Rabu, 06 November 2013

Semangat, "Pembalutnya" adalah Kesadaran

Semangat,“Pembalutnya” adalah Kesadaran


Jika kita andaikan, semangat adalah gelombang jiwa yang kuat terus menghantam karang yang merintanginya. Dia terus bergolak dan menerjang tanpa tersentuh dan berkeluh kesah. Dia tidak kenal waktu siang dan malam. Dia terus menerjang dan menerjang. Hidup tentu bergerak maju ke depan. Hidup akan menapaki setiap lembah. Hidup menaiki setiap bukit dan gunung. Hakikatnya hidup tidak mengenal berhenti dan menyerah. Jika kehendak kita memiliki semangat yang kuat untuk mencapai cita-cita dan prestasi, maka semangat tidak akan mudah dapat dipatahkan dan dihentikan.
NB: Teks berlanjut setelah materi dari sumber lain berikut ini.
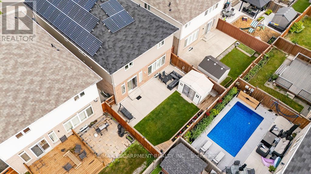 Stunning Stoney Creek Mountain Home Nestled in a prime location. This beautifully designed 2,553 sq. ft. home offers an exceptional layout perfect for families. Features a main floor office which can be used as a 5th bedroom. Enjoy the convenience of an attached double garage with inside access to a spacious main floor mudroom. The exposed aggregate concrete driveway fits up to 4 vehicles. The fully fenced backyard was professionally landscaped in 2024 and includes new grass (front and back), a concrete patio, garden shed, and a security camera system. Inside, you'll find countless upgrades-highlighted by granite counter tops and pot lights throughout, a newer ensuite shower installed in 2024. Bonus: $330/year in passive income from a solar panel contract. A must-see! (id:4555)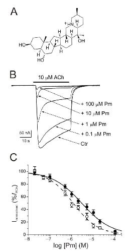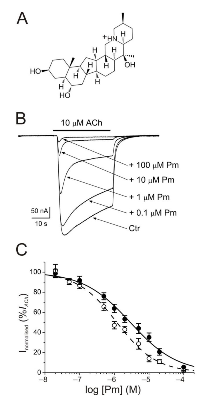 Figure 1. Inhibition of acetylcholine-elicited currents (IAChs) by peimine (Pm). (A) Molecular structure of Pm showing the charged nitrogen. (B) Superimposed IAChs evoked by 10 µM ACh either alone (Ctr) or co-applied with different Pm concentrations, as stated on the right. Note that Pm accelerates IACh decay when applied at concentrations of 0.1 μM or above. Hereafter, unless otherwise stated, the holding potential was −60 mV, downward deflections represent inward currents and the bars above recordings indicate the timing of drug application. (C) Pm concentration-IACh inhibition relationship. IACh amplitudes at their peak (Ip; filled symbols) and at their steady state (Iss, measured 20 s after the peak; open symbols) were normalized to the IACh evoked by ACh alone and plotted against the logarithm of Pm concentration. Solid and dashed lines are sigmoid curves fitted to Ip and Iss data, respectively. Error bars indicate SEM. Each point is the average of 5–16 oocytes from 3–8 frogs.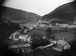 Corris is a village in the county of Gwynedd, Wales, about 4.5 miles (7 km) north of the town of Machynlleth. The village lies on the west bank of the Afon Dulas (which here forms the boundary with Powys), around that river's confluence with the Afon Deri. Corris railway station is the headquarters and museum of the Corris Railway, a preserved narrow gauge railway.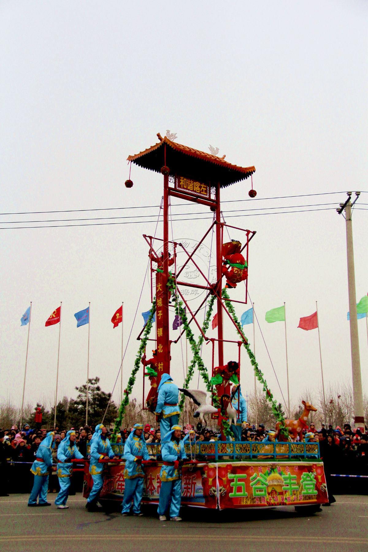 二是见于1980年《喀左文艺》1-2期合刊,刘新民撰写的《天成观与大城子皇会》文中记载:“第五道会秋千由农民筹办,该会的形式是,二十人抬一平架,中部分左右并列竖起两根两丈余高的朱红立柱,立柱顶端,设有横轴,轴分四面出两根并列长齿,侧面看呈十字形。两长齿顶部又通一横轴,轴上固定一长方形木框,木框的两个长边的中部,又横穿一轴。表演者均为十几岁的少女,头挽双髻,戴着人字形绒球面额,身着彩服,足穿弓鞋,鞋尖上有用布包制的大蝴蝶。表演者腰以彩带束在长方形木框轴上。表演时拨动长齿按着一个方向转动,带动长方木框上下左右翻动,表演者在木框内进行前后滚翻。平架上前部设有假山,左右各有一小童,头挽双髻后发披肩,从额头到脑后有一束发银圈,额头上别一人字英雄面,额顶端有一大红球;左为粉面素裹,骑在仙鹤背上,手持一束鲜花;右为粉面花衣,骑在梅花鹿上,手拿如玉。假山前有一横匾上书“万善同归”四字。平架后部,两角各有一束莲花,中间有一条红色大鲤鱼,并有用纸扎的各种谷物,表现为丰收景象,己失传。”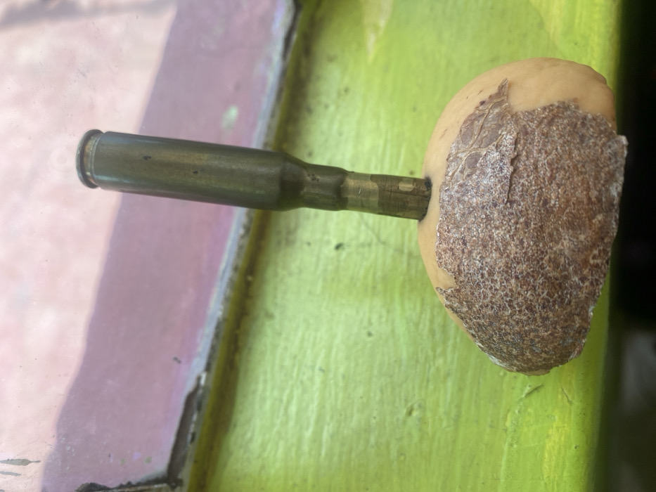 - "This scene, located in Nairobi, Kenya, depicts a single spent rifle cartridge casing embedded vertically into a section of a natural object" by FM-nhoeR2, licensed under CC BY 4.0

Semangat adalah sumber kekuatan yang tidak terkira kekuatannya. Ia lahir dari kekuatan hidup yang dinamis. Ia adalah anak kehidupan. Ia bagaikan bayangan kita, yang akan terus mengikuti langkah kehidupan. Perlu diketahui bahwa, jika menginginkan semangat memiliki klimaks yang mendamaikan, walaupun dalam keadaan apapun, maka semangat hendaknya dibalut oleh kesadaran. Seperti anak ayam yang selalu dibimbing oleh induknya, seperti sosok Arjuna di medan Kuruksetra yang dibimbing oleh Sri Krshna, maka kesadaran adalah pembimbing semangat. Sehingga semangat tidak akan mudah diambil oleh elang keputusasaan dan kekecewaan. Seperti yang disabdakan oleh Sri Krshna dalam Bhagavad Gita IV.41 dan XVIII.26 berikut.

“Yoga sannyasta-karmanam, Jnana-sanchinna-samsayam,
Atmanvantam na karmani, Nibadhnanti dhananjaya.
Mukta-sango ‘naham-vadi, Dhrty-utsaha-samanvitah,
Siddhy-asiddhyor nirvikarah, Karta sattvika ucyate”.

“Orang yang bertindak dalam bhakti, dan melepaskan hasil dari kerjanya, karena keragu-raguannya telah dikendalikan oleh kesadaran, dengan demikian ia tidak akan diikat oleh hasil kerjanya, wahai perebut kekayaan. Orang yang bekerja tanpa dikendalikan oleh hasil kerja, tanpa keakuan, serta tabah, memiliki semangat yang menggebu-gebu, tidak goyah baik dalam sukses maupun gagal, itulah seorang pekerja yang baik”.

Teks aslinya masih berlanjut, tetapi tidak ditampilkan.